9. The apparatus of claim 8, wherein, The second processing unit is further configured to: Determine the drivable area along the first planned path based on the first planned path; Based on the current pose, the second target pose, and the first obstacle, a second planned path is planned in the drivable area.

10. The apparatus of claim 8, wherein, The second processing unit is further configured to: When the intelligent driving device enters the preset range of the second target pose, or when the intelligent driving device passes the second target pose, it is determined that the intelligent driving device avoids the first obstacle according to the second planned path.

11. The apparatus of any one of claims 8-10, wherein, The second processing unit is further configured to: When the intelligent driving device avoids the first obstacle according to the second planned path, the intelligent driving device is controlled to switch from driving along the second planned path to driving along the third planned path, which is planned by the first planning mode.

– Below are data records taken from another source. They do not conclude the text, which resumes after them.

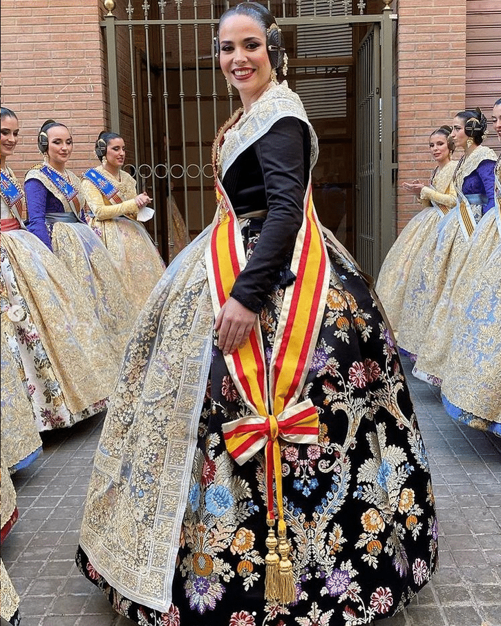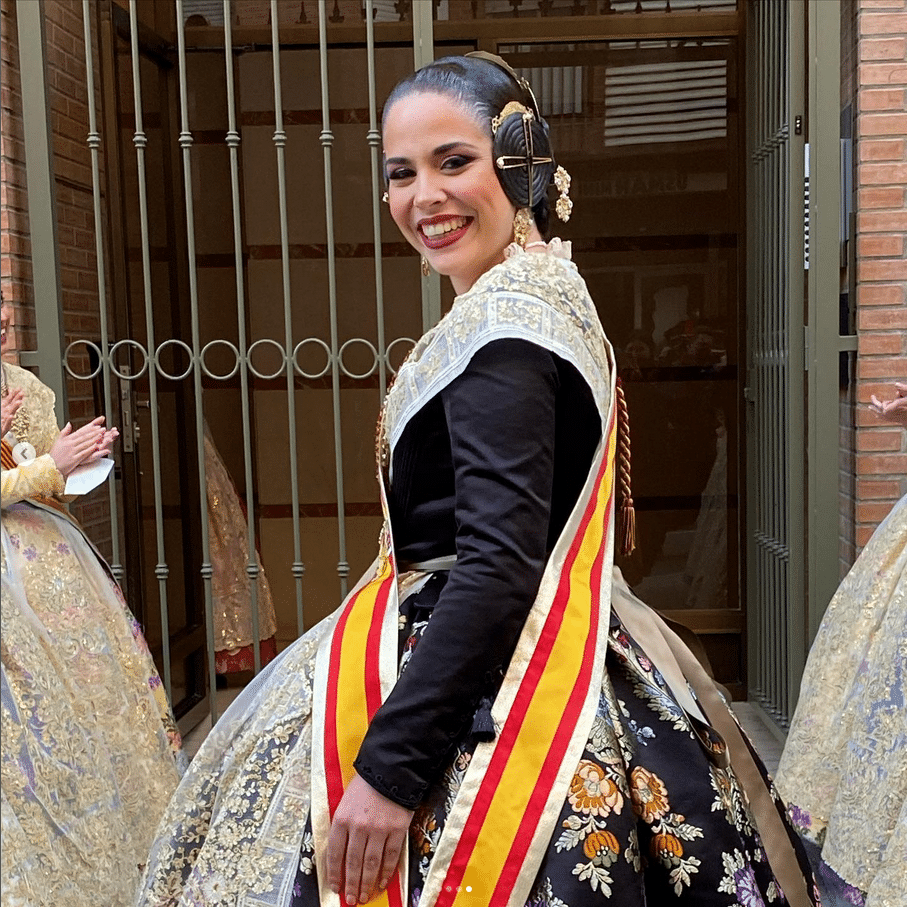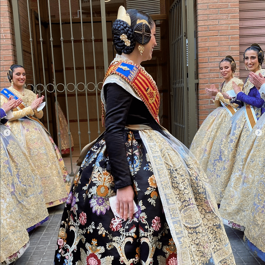 A l’Antiga Torrent ha sido la indumentarista encargada de la confección del vestido con el que ha lucido unas manteletas de nueva colección bordadas con nipi y tul de Hijas de Carmen Esteve.  El aderezo, regalo de su corte ha sido obra de Art Antic. Las peinetas, un dibujo exclusivo para Carmen de Més que pintes. Mientras que la puntilla, rememora un diseño antiguo de Santos Textil.
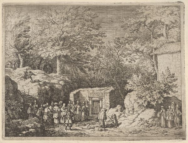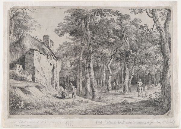 Carl Wilhelm Kolbe created this black and white etching titled 'Straw-Thatched Hut with Landscape and Figures,' sometime between the late 18th and early 19th centuries. Kolbe lived during a period of significant social upheaval and transformation in Europe. This artwork embodies the Romantic movement's fascination with nature and the idealized simplicity of rural life. However, this idealized view often glossed over the realities of poverty and hardship faced by many rural communities. The figures in the foreground, perhaps a family, suggest a narrative. Their interaction invites speculation about their relationships, their daily lives, and the challenges they might face. Are they farm laborers, or simply travelers passing through? Kolbe's emphasis on the picturesque and idyllic invites us to consider how we often selectively frame our understanding of history, choosing to focus on beauty while overlooking the complexities and inequalities that exist beneath the surface. It reminds us that even in the most beautiful settings, the realities of human existence are always present.
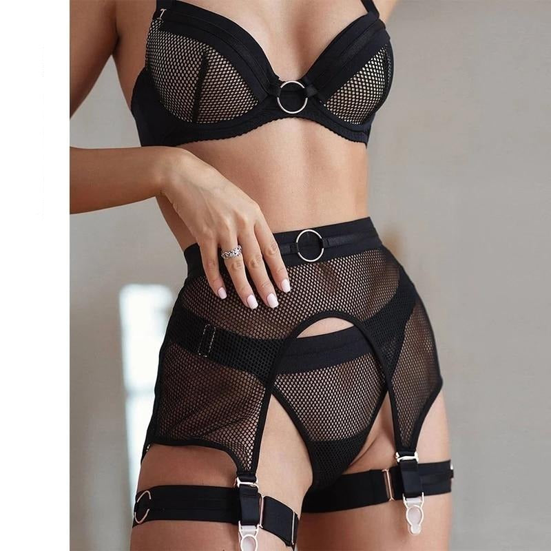 Solid Fishnet Lingerie Sets with Ring Metal Decoration
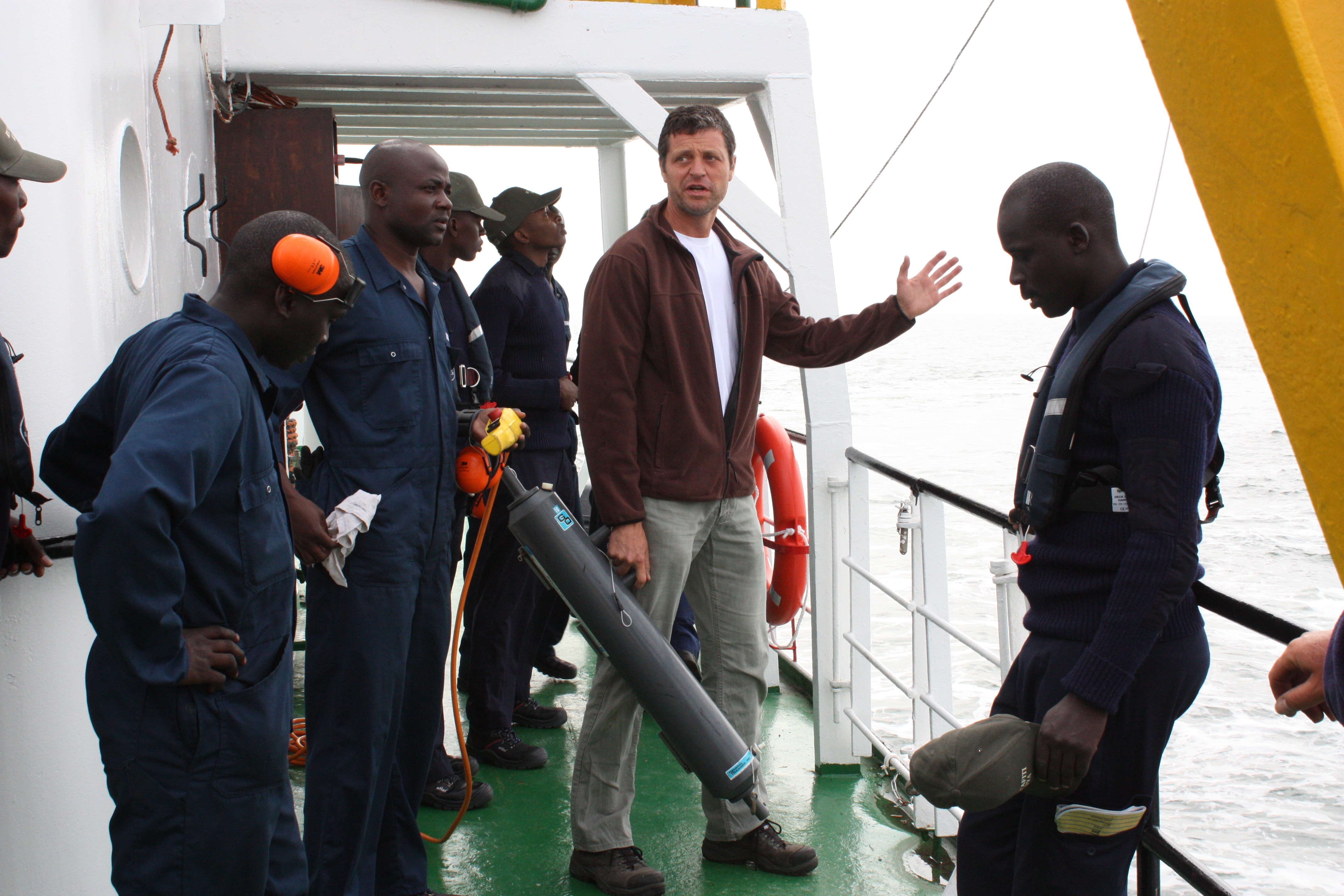 Training session in Ostend on the use of the sampling equipment on board of RV Mtafiti20 August 2013André Cattrijsse (Head of department Infrastructure at VLIZ) provided on board demonstrations for the Kenyan Navy crew on the use and maintenance of the sampling equipment on board of RV Mtafiti during a trial cruise in the North Sea on 20 August 2013. |
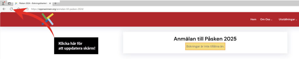 bokningsblanketten före kl. 09.00
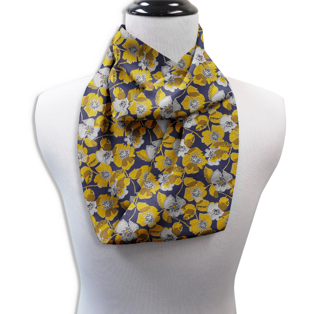 Navy blue woven silk abounds with delicately detailed yellow and silver blooms in this lovely design.
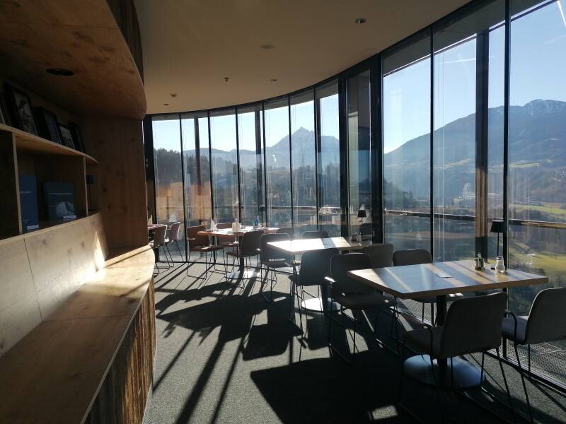 Unterhalb des Sprungturms bringt mich ein Aufzug hinauf zum Bergisel Café-Restaurant sowie zur Aussichtsplattform. An einem Tag wie heute ist die Ausblicke unbeschreiblich und ich genieße jede Minute meiner Anwesenheit. Eigentlich wollte ich im Café-Restaurant an meinem Buch weiterschreiben. Hierfür hätte ich mir liebend gerne eine Stunde Zeit genommen, aber alle Plätze sind belegt oder reserviert. Doch enttäuscht bin ich nicht, denn an so einem Tag wie heute, da hätte mir das klar sein müssen. Alles kein Problem.
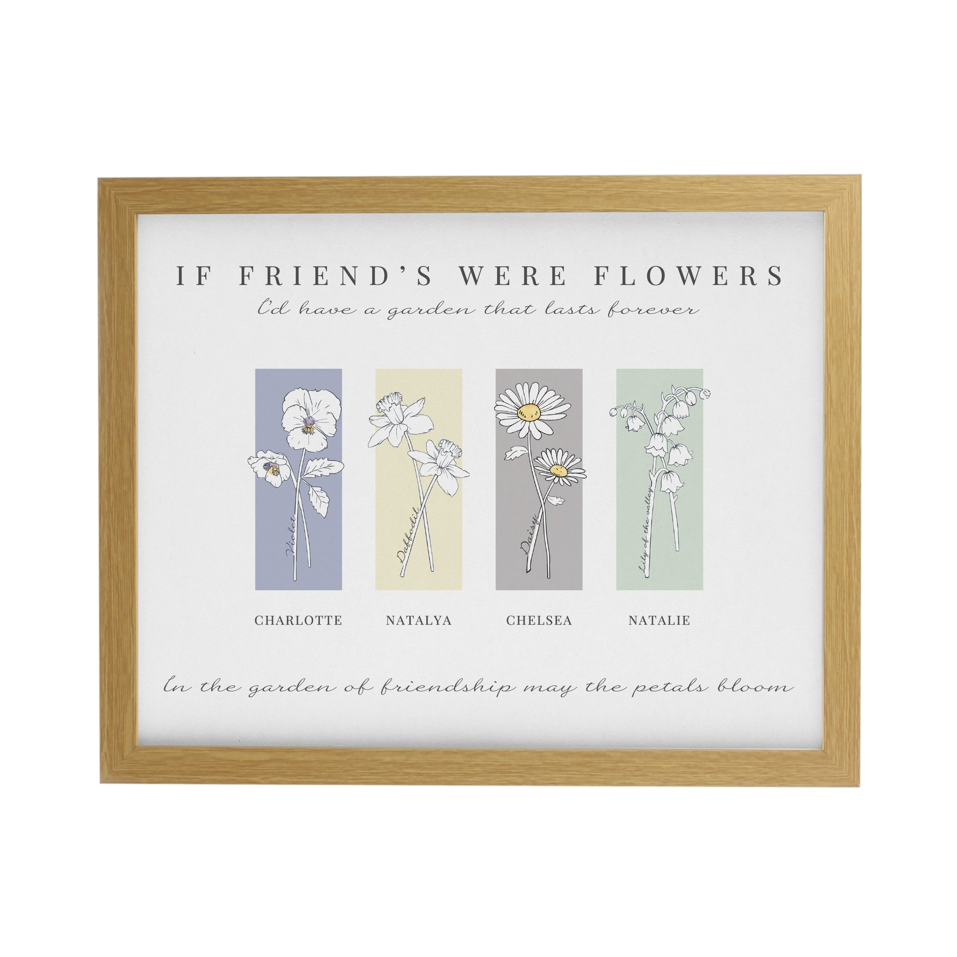 This unique framed print can be personalised with 2 message lines along the top, 4 flowers below, each with a name underneath and finally a message underneath of up to 50 characters.
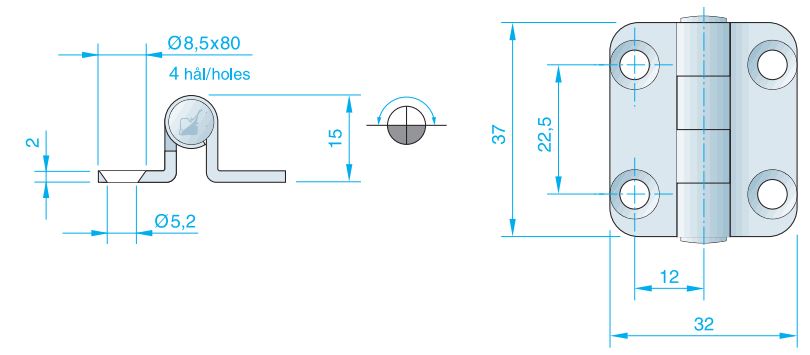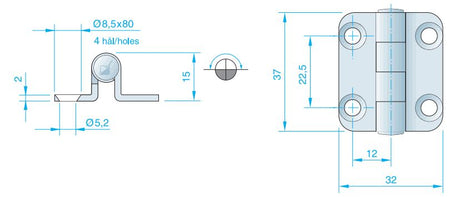 Roca, Scharnier RF, AISI 304, 32x37mm
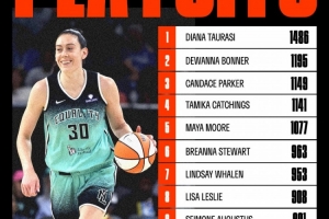 在比赛的上半场,斯图尔特超越了林赛-惠伦,以963分升至 WNBA 季后赛历史得分榜第6位 。
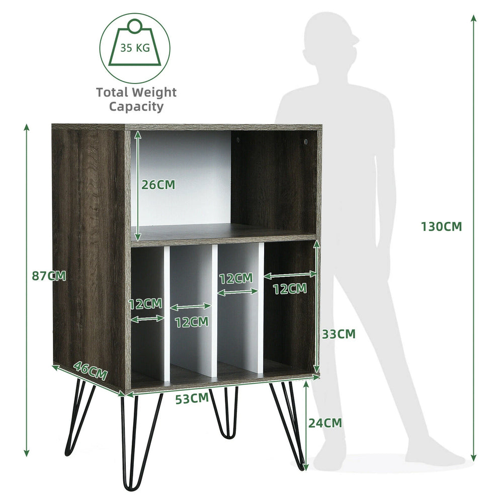 Record Player Stand with 5 Open Compartments for Living Room & Bedroom-Brown
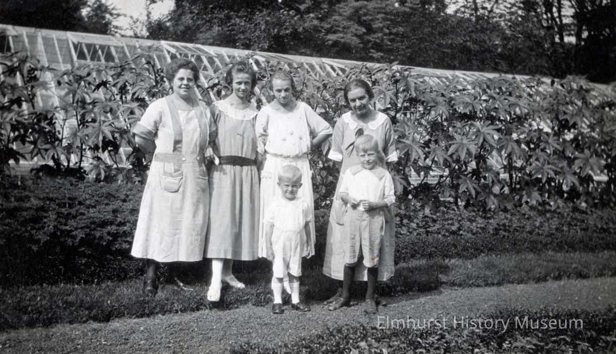 Four women and two children pose in front of a greenhouse.Photograph Details
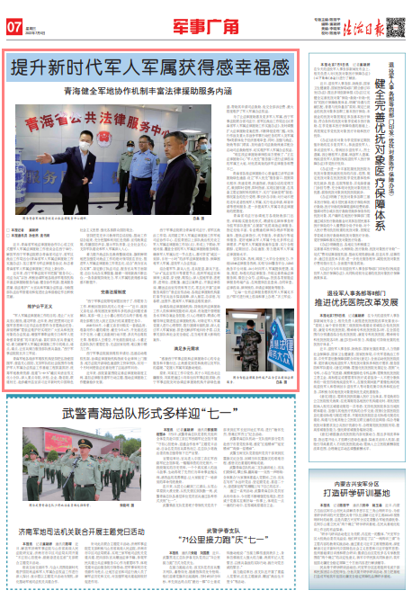 青海軍地各級(jí)涉軍維權(quán)機(jī)構(gòu)堅(jiān)持把弘揚(yáng)愛國擁軍,營造關(guān)心國防、支持軍隊(duì)的社會(huì)氛圍作為維護(hù)軍人軍屬合法權(quán)益工作基礎(chǔ)工程抓緊抓好。統(tǒng)籌軍地教育資源,組建“1+8+N”藏漢雙語宣傳文化小分隊(duì),深入重點(diǎn)寺院、學(xué)校、企業(yè)、敬老院、聯(lián)建村莊,赴涉藏州縣宣講習(xí)近平新時(shí)代中國特色社會(huì)主義思想,強(qiáng)化各族群眾國防觀念。
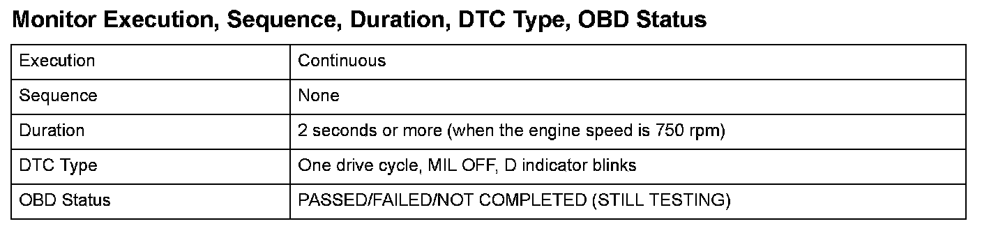 Monitor Execution, Sequence, Duration, DTC Type, OBD Status
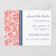 Wedding save the date announcement postcards in elegant and contemporary peach orange pink, dark navy blue, and white classic and vintage floral damask pattern, stylish and fully customisable with your wedding details. Also available in many other products for the wedding party.
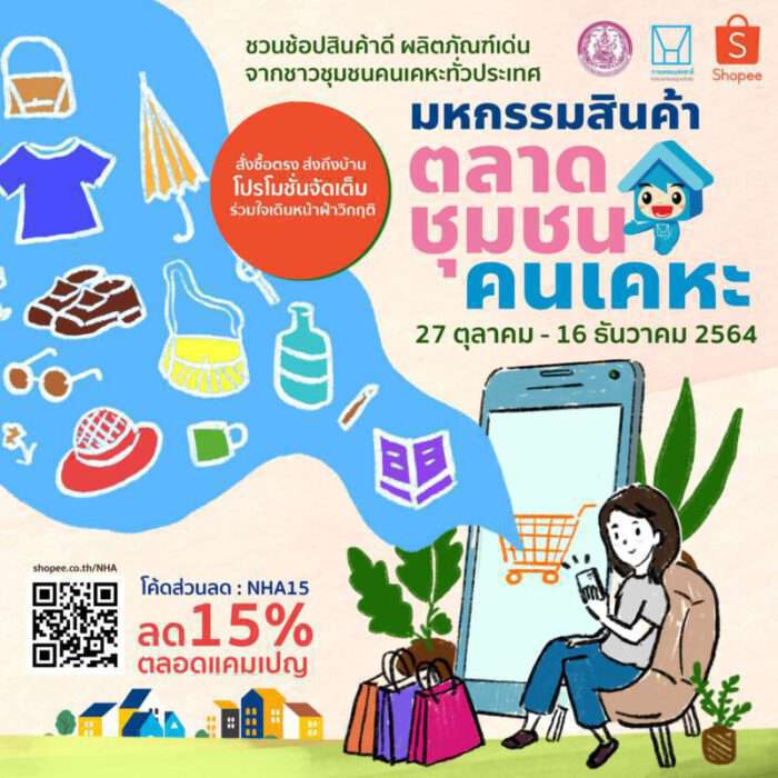 ทั้งนี้ แคมเปญพิเศษ “มหกรรมสินค้า ตลาดชุมชนคนเคหะ” บนแพลตฟอร์ม Shopee ขึ้นระหว่าง 27 ตุลาคม – 26 ธันวาคม 2564 พบกับสินค้าหลากหลายจากผู้อยู่อาศัยในโครงการ/ชุมชนของการเคหะแห่งชาติทั่วประเทศ ให้ได้เลือกช้อปกันอย่างจุใจในราคาพิเศษ พร้อมโปรโมชั่นและโค้ดส่วนลด โดยผู้สนใจสามารถเลือกซื้อและอุดหนุนได้ที่เว็บไซต์กลาง https://shopee.co.th/NHA และสำหรับความร่วมมือระหว่างการเคหะฯและช้อปปี้ในครั้งนี้ ถือเป็นการเปิดตัวแคมเปญครั้งพิเศษเพื่อร่วมเฉลิมฉลองไปกับมหกรรมช้อปปิ้งออนไลน์สุดยิ่งใหญ่แห่งปี Shopee 11.11 Big Sale 2021 ที่ช้อปปี้เตรียมความคุ้มค่าและความบันเทิงมากมายมามอบให้พี่น้องชาวไทยทุกคน โดยสามารถติดตามรายละเอียดเพิ่มเติมได้ที่ https://shopee.co.th/m/11-11

12. The apparatus of claim 11, wherein, The second processing unit is further configured to: When the intelligent driving device avoids the first obstacle according to the second planned path, the control prompting device prompts to stop the second planning mode and / or start the first planning mode.

13. The apparatus of any one of claims 8-10, wherein, The second processing unit is further configured to: When a first obstacle exists in the first planned path, causing the passable width of the first area to be less than or equal to the first preset threshold, and / or when the first obstacle causes the curvature of the feasible path in the first area to be greater than or equal to the second preset threshold, the control prompting device prompts to stop the first planning mode and / or start the second planning mode.

14. The apparatus of any one of claims 8-10, wherein, The second planning mode includes hybrid A algorithm.

15. A valet parking control apparatus, characterised in that, include: Memory, used to store computer programs; A processor for executing a computer program stored in the memory to cause the apparatus to perform the method as described in any one of claims 1 to 7.

16. An intelligent driving device, characterized by comprising: The intelligent driving device includes the apparatus as described in any one of claims 8 to 15.

17. A computer readable storage medium characterized by: It stores instructions that, when executed by a processor, cause the processor to implement the method as described in any one of claims 1 to 7.

18. A chip, characterized by The chip includes circuitry for performing the method as described in any one of claims 1 to 7.